Aldh1-expressing endocrine progenitor cells regulate secondary islet formation in larval zebrafish pancreas

Abstract

Aldh1 expression is known to mark candidate progenitor populations in adult and embryonic mouse pancreas, and Aldh1 enzymatic activity has been identified as a potent regulator of pancreatic endocrine differentiation in zebrafish. However, the location and identity of Aldh1-expressing cells in zebrafish pancreas remain unknown. In this study we demonstrate that Aldh1-expressing cells are located immediately adjacent to 2F11-positive pancreatic ductal epithelial cells, and that their abundance dramatically increases during zebrafish secondary islet formation. These cells also express neurod, a marker of endocrine progenitor cells, but do not express markers of more mature endocrine cells such as pax6b or insulin. Using formal cre/lox-based lineage tracing, we further show that Aldh1-expressing pancreatic epithelial cells are the direct progeny of pancreatic notch-responsive progenitor cells, identifying them as a critical intermediate between multi-lineage progenitors and mature endocrine cells. Pharmacologic manipulation of Aldh1 enzymatic activity accelerates cell entry into the Aldh1-expressing endocrine progenitor pool, and also leads to the premature maturation of these cells, as evidenced by accelerated pax6b expression. Together, these findings suggest that Aldh1-expressing cells act as both participants and regulators of endocrine differentiation during zebrafish secondary islet formation.

Figure 1. Aldh1-expressing cells increase in number and are spatially associated with endocrine cells during secondary islet formation.

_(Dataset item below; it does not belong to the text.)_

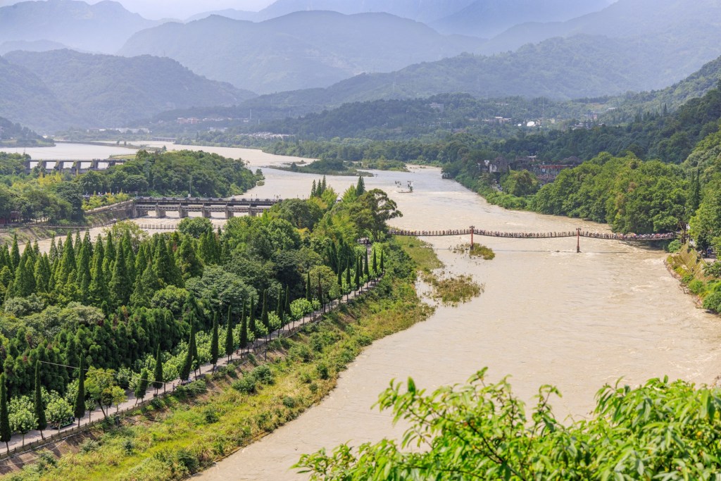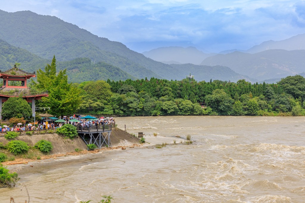 Das ganze ist hochgradig faszinierend: Vor 2300 Jahren haben die schlauen Chinesen dort ein System aufgebaut das sich selbst reguliert ohne gesteuert oder geregelt werden zu müssen. Im Prinzip teilt es den Min Fluss auf: Bei „normalem“ Wasserstand fließen 40 % des Flusses den Fluss hinunter und 60 % in die Bewässerung für die Felder von Chengdu … dabei wird das ganze so aufgeteilt das die Sedimente im Fluss bleiben und in die Bewässerung nur „sauberes“ Wasser fließt. Bei Hochwasser ändert sich die Strömung und 60 % des Wassers fließen den Fluss hinab und nur 40 % gehen in die Bewässerung … das alles funktioniert nur durch clever angelegte „Sandbänke“ aus Kies und einer schlauen Form des „Fischmaules“ wo das Wasser geteilt wird.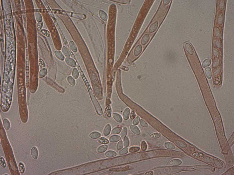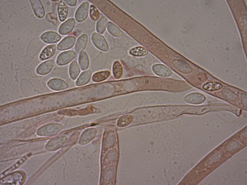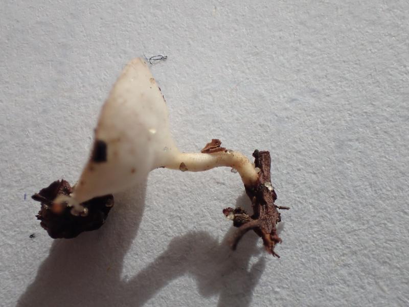 In the coastal dunes of Belgium on a small branch of Hippophae I found a whitish cup-shaped fruiting body of about 5mm. The stalk was black at the base.Ascus 8-spored, uniseriate, 136x9µ, apical apparatus J+, spores amygdaliform 10x 5.1-5.4µ some with guttules.Excipulum text. angularis.

Expression of Aldh1 (red arrows) is compared with that of Insulin (white arrows), as assessed immunofluorescent labeling at 5 (A), 10 (B), 15 (C), 20 (D), 25 (E) and 30 dpf (F). (G) Quantification of the number of Aldh1-expressing cells located outside of the principle islet (black line), and their juxtaposition with Insulin-expressing cells (grey line). Values were derived from n=10 fish per developmental time point, with a minimum of 3 sections per fish. (*) and (**) indicate p<0.05 and p<0.01, respectively. Dotted white lines in (A) and (B) indicate region of principle islet; dotted white lines in (D) and (E) indicate region of pancreatic duct.

Figure 2. Aldh1 is expressed in NeuroD^pos endocrine progenitor cells.

Expression of Aldh1 is compared with that of Pax6b:eGFP (pan-endocrine cell marker; A-D), Hb9:eGFP (early β cell marker; E-H) and NeuroD:eGFP (endocrine progenitor marker; I-L) at 15 (A, E and I), 20 (B, F and J), 25 (C, G and K) and 30 dpf (D, H and L). Note that Aldh1 is co-expressed with eGFP in NeuroD:eGFP fish (arrows), but not in Pax6b:eGFP and Hb9:eGFP fish. Dotted white lines in (E) indicate region of principle islet.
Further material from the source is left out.